I KNOW my truck has plenty of power to turn the 35's. BUT, it the 35's still give a noticeable difference in power, shifting, etc...and logically I would think the 4.10's would correct this.
Anyone?
For the record, I've got two mustangs and an SRT6 Crossfire when I want to go 90+mph. The truck is made for 0-65, with a LOT of low-speed beach 'lugging', where the 4.10's and 'stock' final drive would likely help out a lot. Although I don't tow, going back to stock would benefit me, especially on the sand.
SQ
All it sounds like here is you are trying to convince yourself you need 4.10's. And probaly because you are getting a good deal on a used set of gears. Hey, put them in, have fun, get after it.
4.10 vs 3.73 @ 60 = 1670 vs 1513
your call. for the $ if realy worried about trans, upgrade the converter...
There is a very evident seat of the pants change when going from a stock truck with stock tires, to a stock truck with aftermarket tires. I have friends with stock trucks, and they would smoke me now that I have 35's.
They are 10% taller, a lot wider and heavier - they MUST alter performance.
For the record - my buddy just sold his gears, so I missed out on that set. I'm still looking though - would prefer to just swap someone.
SQ
Maybe stock. I would not know, as my truck (nor any truck that I have owned) has been stock. But I can tell you, I notice no difference from stock tires to my 35x12.50.
The one in your gallery has stock tires, 2wd as far as I can tell...
SQ

wow.. some one needs to learn to use this...



I am going to purchase a set of used 4.10's from a friend with a low-mile truck.
My truck has 3.73's, and I want to make up for the 35" tires. I have a reputable person to install them...but not sure what else I will need OTHER than the gears themselves.
My truck has 70K on it, and I have never pulled more than 6K with it, and rarely tow ANYTHING. I do a lot of beach driving, 4x4 Hi and Low, probably 800-1200 miles a year. Otherwise, it is a daily driver with relatively easy use.
So, aside from 4.10 R&P Sets for front and rear, what else will I need?
Fluid obviously - how much?
Install kits? Which ones?
Anything else I should change/check/service while I'm in there?
Thanks
Shawn
My truck has 3.73's, and I want to make up for the 35" tires. I have a reputable person to install them...but not sure what else I will need OTHER than the gears themselves.
My truck has 70K on it, and I have never pulled more than 6K with it, and rarely tow ANYTHING. I do a lot of beach driving, 4x4 Hi and Low, probably 800-1200 miles a year. Otherwise, it is a daily driver with relatively easy use.
So, aside from 4.10 R&P Sets for front and rear, what else will I need?
Fluid obviously - how much?
Install kits? Which ones?
Anything else I should change/check/service while I'm in there?
Thanks
Shawn
This is really only a problem when towing a 24ft enclosed car hauler though.

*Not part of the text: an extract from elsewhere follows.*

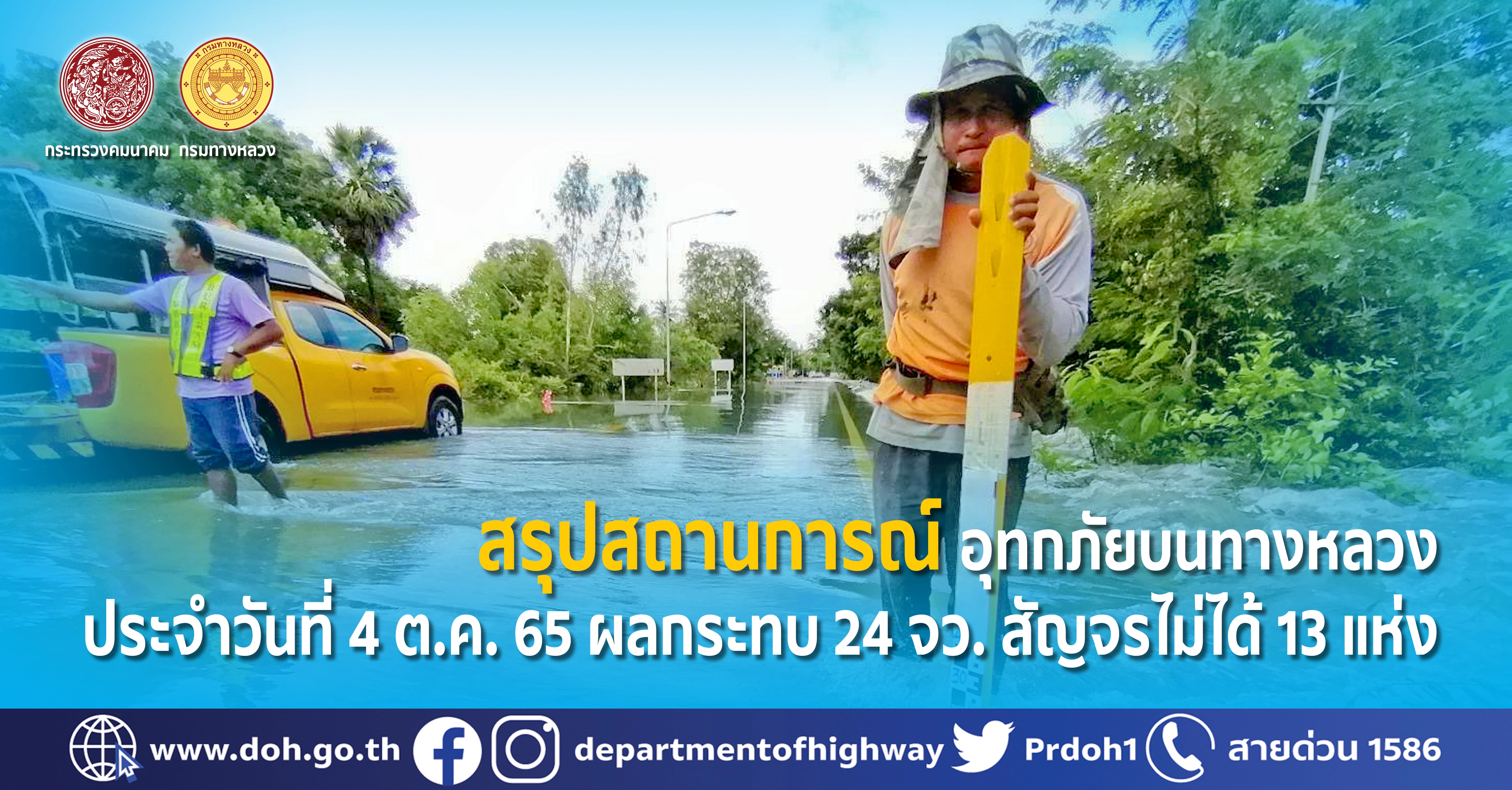 นายสราวุธ ทรงศิวิไล อธิบดีกรมทางหลวง เปิดเผยว่า กรมทางหลวง ได้ขานรับข้อสั่งการของ นายศักดิ์สยาม ชิดชอบ รมว.คมนาคม ที่ให้หน่วยงานที่เกี่ยวข้อง ลงพื้นที่ เพื่ออำนวยความสะดวกปลอดภัยให้กับประชาชนจากสถานการณ์ฝนตกหนักในหลายพื้นที่ จากผลกระทบจากพายุไต้ฝุ่น “โนรู” พร้อมทั้งเฝ้าระวังตลอด 24 ชั่วโมง เพื่อช่วยประชาชนที่ได้รับผลกระทบอย่างทันท่วงที กรมทางหลวง ได้ทำการสรุปสถานการณ์อุทกภัยและดินสไลด์บนทางหลวง โดยสถานการณ์ประจำวันที่ 4 ตุลาคม 2565 เวลา 12.30 น. พบทางหลวงถูกน้ำท่วม/ดินสไลด์ในพื้นที่ 24 จังหวัด ได้แก่ จ.เพชรบูรณ์, จ.เลย, จ.ศรีสะเกษ, จ.สุรินทร์, จ.บุรีรัมย์, จ.นครราชสีมา, จ.ขอนแก่น, จ.มหาสารคาม, จ.ชัยภูมิ, จ.อุบลราชธานี, จ.หนองบัวลำภู, จ.ร้อยเอ็ด, จ.ลพบุรี, จ.อ่างทอง, จ.พระนครศรีอยุธยา, จ.กำแพงเพชร, จ.กรุงเทพฯ, จ.นนทบุรี, จ.สระบุรี, จ.ลำปาง, จ.ปราจีนบุรี, จ.เชียงใหม่, จ.นครสวรรค์ และ จ.ตาก จำนวน 76 สายทาง จำนวน 104 แห่ง ทางหลวงที่การจราจรผ่านได้ 91 แห่ง การจราจรผ่านไม่ได้ 13 แห่ง ในพื้นที่ 7 จังหวัด โดยทุกจุดมีเจ้าหน้าที่คอยอำนวยความสะดวกด้านการจราจร รายละเอียดดังนี้

SSminnow - a guy wants to know what he will need to make the swap, not a hundred opinions why he shouldn't do it. I've seen many of your posts recently and there seems to be ATTITUDE in most of them, and many are not very helpful.
SQ - You may not tow now, but you may in the future. I know from experience that 35s will make a difference over stock tires when it comes to putting power to the ground. I'm running 4.10s with 285s now putting my effective gear ratio at 3.90. Runs great on the freeway (2K RPM @ 70) and tows an 11k toyhauler perfectly. My speedo is reset via Smarty.
If you have the $$$, go for it. Better to find someone to swap axles though. Seems lots of peeps out there want freeway gears.
SQ - You may not tow now, but you may in the future. I know from experience that 35s will make a difference over stock tires when it comes to putting power to the ground. I'm running 4.10s with 285s now putting my effective gear ratio at 3.90. Runs great on the freeway (2K RPM @ 70) and tows an 11k toyhauler perfectly. My speedo is reset via Smarty.
If you have the $$$, go for it. Better to find someone to swap axles though. Seems lots of peeps out there want freeway gears.